SACRAMENTO, Calif. (AP) — Cities and groups that support agencies that finance local construction projects sued the state Monday to halt a change that would eliminate the redevelopment agencies and funnel their estimated $1.7 billion in tax revenue to basic services.
The California Redevelopment Association, the League of California Cities and two San Francisco Bay area cities are asking the California Supreme Court to block the change from taking effect until their case can be heard.
The Legislature approved two budget bills in June that would eliminate the state's 400 redevelopment agencies by Oct. 1. It allowed local governments to launch new agencies if they agreed to pay a share of property taxes to local governments and schools, replacing money the state pays.
Cities and agencies called that a "ransom demand." They say the move runs counter to Proposition 22, the constitutional amendment approved in November 2010 by 61 percent of voters that was supposed to halt state raids on local funding.
"The governor and Legislature have blatantly ignored the voters and violated the state constitution," Chris McKenzie, executive director of the League of California Cities, said in a prepared statement.
Neither of the two cities that sued — San Jose and Union City — expects to be able to make the payment, and they would be forced to halt projects worth tens or hundreds of millions of dollars, the cities said in the lawsuit.
The plaintiffs asked the court to rule by Aug. 15 on whether to halt enforcement of the redevelopment changes.
A spokesman for Brown's administration said the state is confident the redevelopment bills are legally sound.
"Redevelopment agencies were created by an act of the Legislature in 1945, and they can similarly be dissolved by an act of the Legislature," said Finance Department spokesman H.D. Palmer.
Agencies say the change will interfere with one of the few remaining tools local governments can use to finance construction projects and the jobs they generate. They also said many cities and counties will not be able to pay the money to keep operating under the new system.
The change would require each redevelopment agency to pay a share of the $1.7 billion in the first year to keep operating, and a proportional slice of $400 million a year thereafter.
Many of the agencies can't make the payment, and others say it will make it much harder for them to do their job, said John Shirey. Executive director of the California Redevelopment Association.
"This legislation is a job-killer and an opportunity killer for many local communities in need," Shirey said.
Brown had been pushing since January to eliminate the agencies as part of his budget proposal, saying scarce funds should be spent on core government services.
The agencies were created 60 years ago as a tool to fight post-war urban blight. Since then they have taken on roles in financing affordable housing and other development projects. They've been used to finance convention centers, retail complexes and entertainment districts, with tax proceeds from the work reinvested, sometimes to support private developments.
Critics and audits have pointed to questionable projects — sometimes in areas that show little sign of "blight" — and inflated local government salaries, accusing some agencies of acting as development slush funds.
But some legislators were leery of Brown's plan. It gained traction in June as part of a Democrat-backed two-bill package, with ABx1-26 eliminating the agencies and ABx-27 allowing their recreation — if they pay.

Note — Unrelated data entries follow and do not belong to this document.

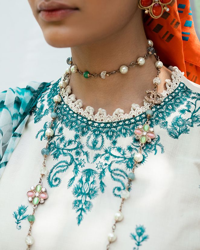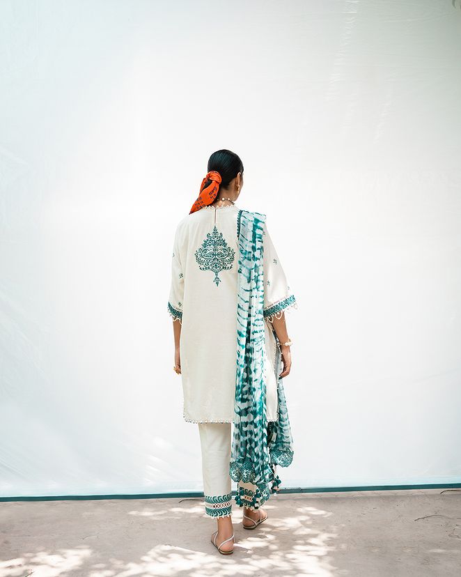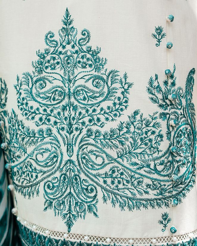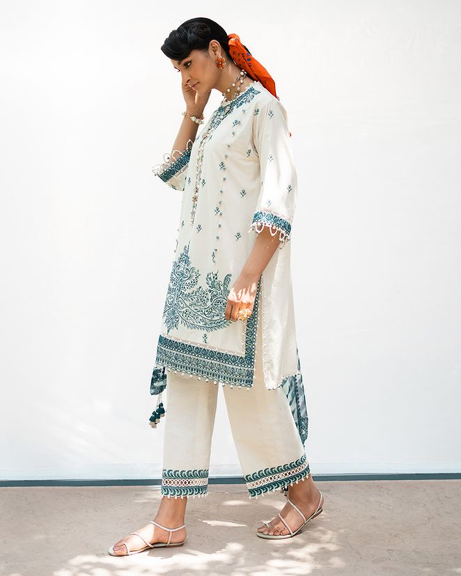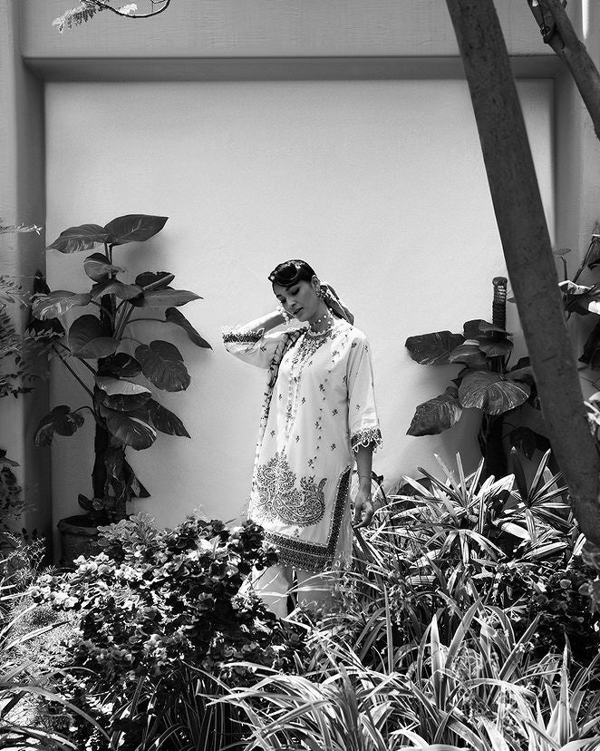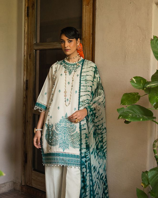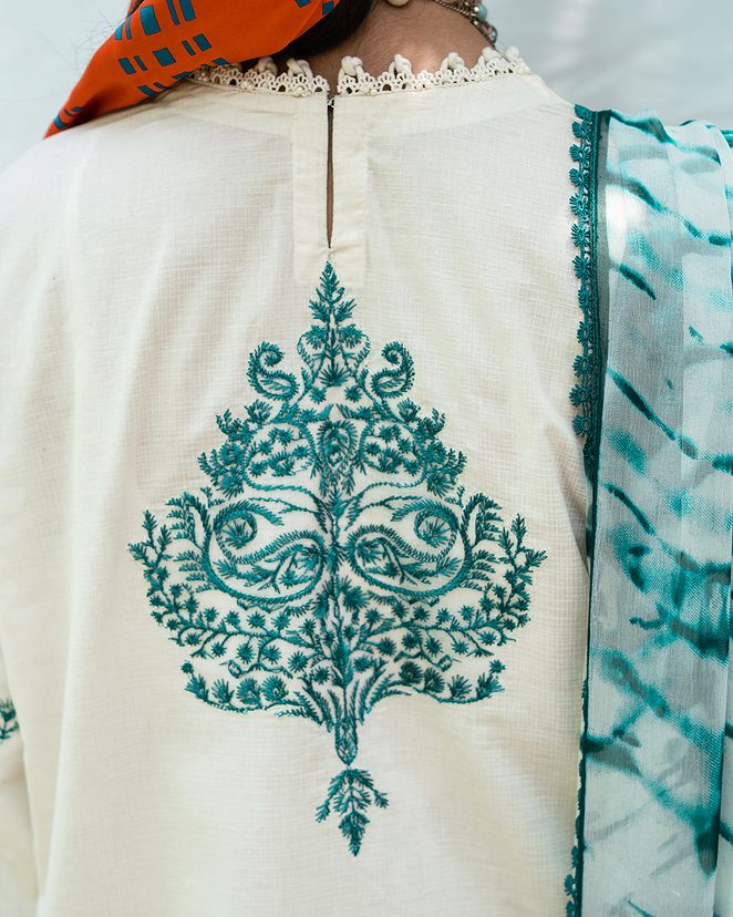 A mesmerizing blend of Egyptian floral embroidery and textured prints adorn this graceful lawn shirt. The matching cotton pants and silver chiffon dupatta with a striking shibori motif adds an empyrean touch where threads of modern elegance paints a canvas of timeless allure.
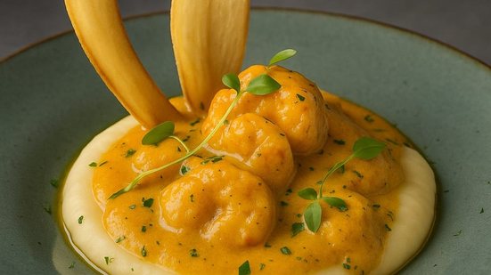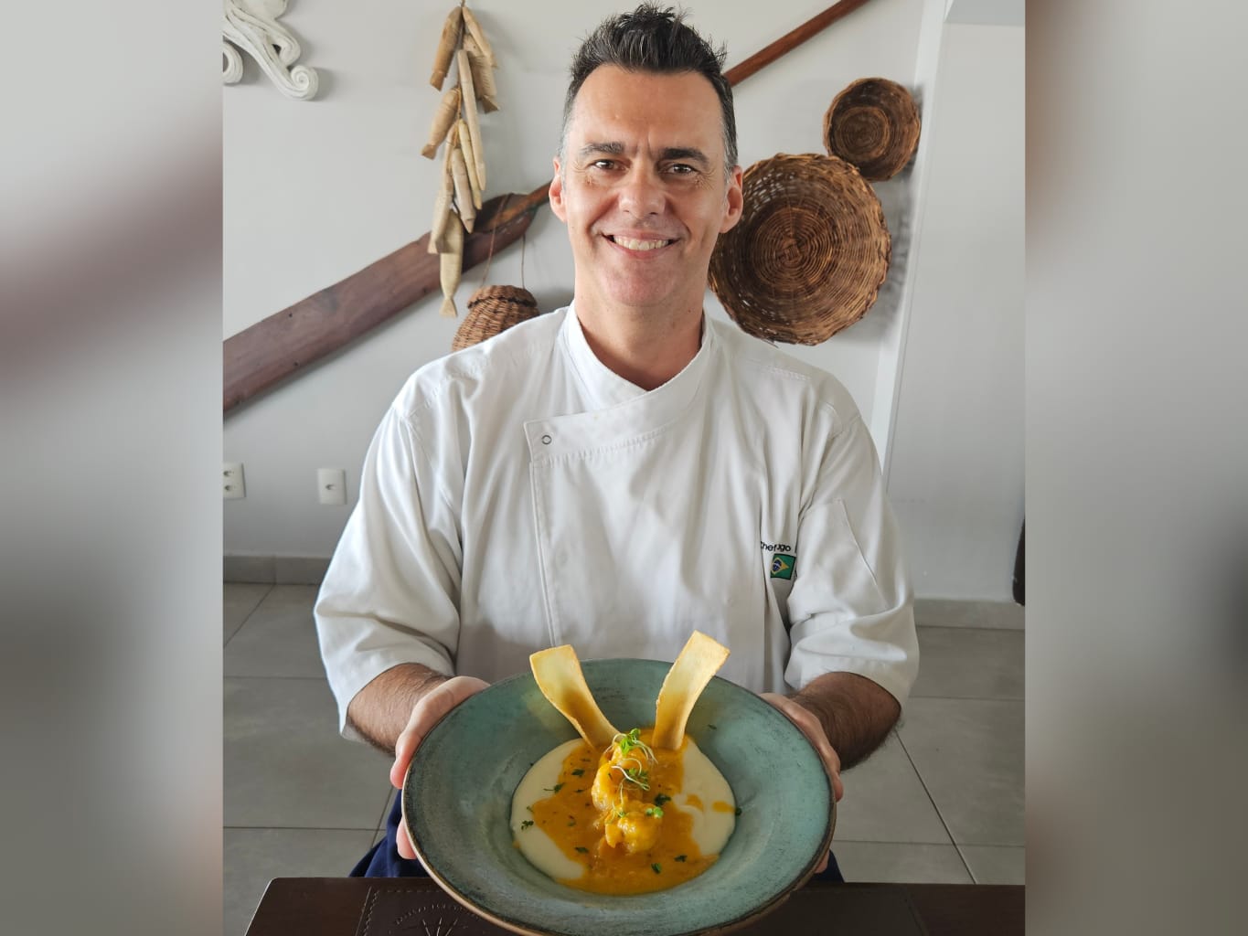 aposta numa proposta que une tradição e modernidade: o Bobó de Camarão Desconstruído. No prato, os elementos do clássico da culinária nordestina ganham uma apresentação inovadora. O purê de mandioca assume o protagonismo, acompanhado de camarões frescos, perfeitamente grelhados, e do toque aromático do azeite de dendê, que aparece de forma sutil, equilibrando sabor e leveza.
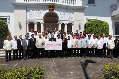 菲律賓商聯總會理事長黃禎潭、菲華各界聯合會主席戴宏達一行4日上午來到中國駐菲使館,親手向劉建超大使遞交了由這兩個菲華社團發動當地華人華僑為玉樹災區籌得的善款3287.7萬比索(約合500萬元人民幣)。
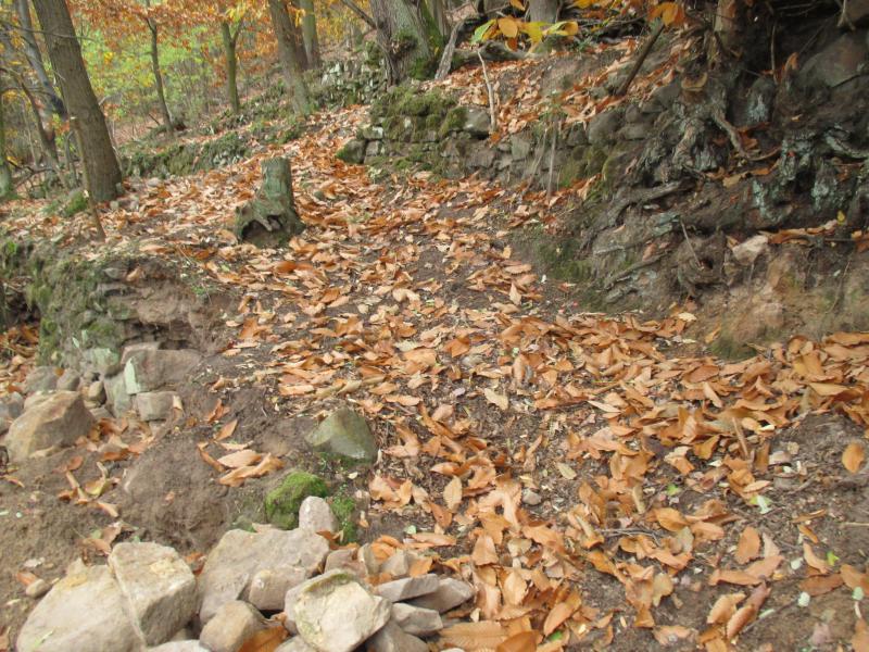 Die Trockenmauer in diesem Bereich sind schon vor Jahrzehnten abgestürzt und werden fleißig als Wildschweinrutschbahn genutzt.
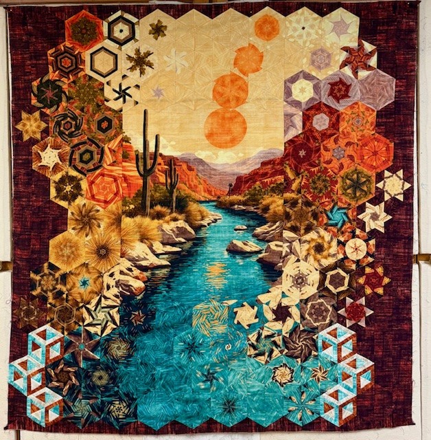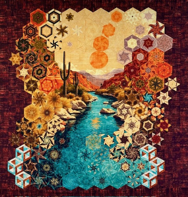 Swan Song measures 67″ x 62″ (unquilted). The large block representing the sun is 15″. It was made with the Star 60 Tool and the Star 60 Log Cabin Technique Sheet. The blue 5″ cubes represent rocks. They were made with the Star 60 Tool and the Hollow Cube 60 Technique Sheet.
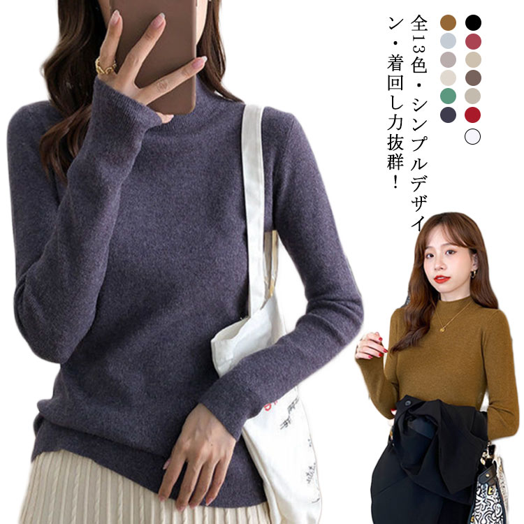 ニット インナー シャツ 無地 綿 ネックカットソー ロン 無地カットソー タートルネッ ハイネック レディース
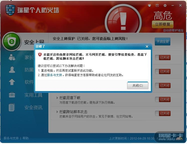 防火墙安全上网保护无法开启,修复再重启也不行,怎么办,瑞星杀软没报毒
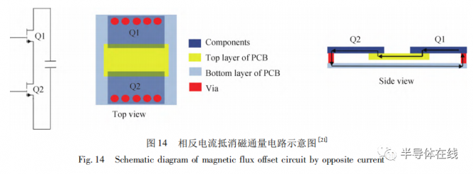 根據(jù) GaN System 應(yīng)用手冊(cè),當(dāng)兩個(gè)相鄰的導(dǎo)體靠近而電流方向相反時(shí),兩股電流產(chǎn)生的磁通量就會(huì)相互抵消,這種磁通抵消效應(yīng)可以降低寄生電感。因此 PCB 布局時(shí),使高頻電流在相鄰的兩個(gè) PCB 層上以相反的方向流動(dòng),可以減小寄生效應(yīng),如圖 14 所示。
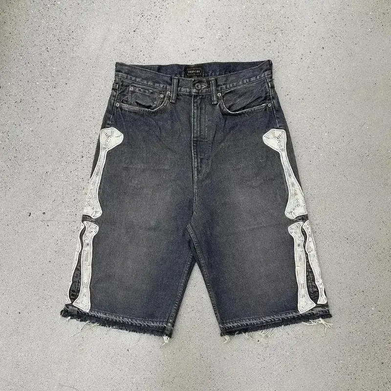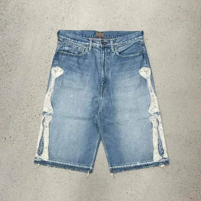 Harajuku Street Trend Bone Embroidery Five-point Jeans Men's Loose Straight Pants Washed Blue Jeans Summer Shorts for Men pants men

"The Legislature's actions are legal and balance redevelopment with other public priorities including education," Senate president Pro Tem Darrell Steinberg, a Sacramento Democrat, said Monday. "Redevelopment agencies keep 93 percent of their money going forward. This is not the agencies' money, nor the state's — it is the taxpayers'."
Lawmakers chose to reform redevelopment rather than eliminate it, said Assemblyman Bob Blumenfield, the Sherman Oaks Democrat who is chairman of the Assembly Budget Committee, which developed the bills.
"We acted in consultation with our attorneys who concluded that these reforms are constitutional," he said. "Because of these reforms, redevelopment still exists."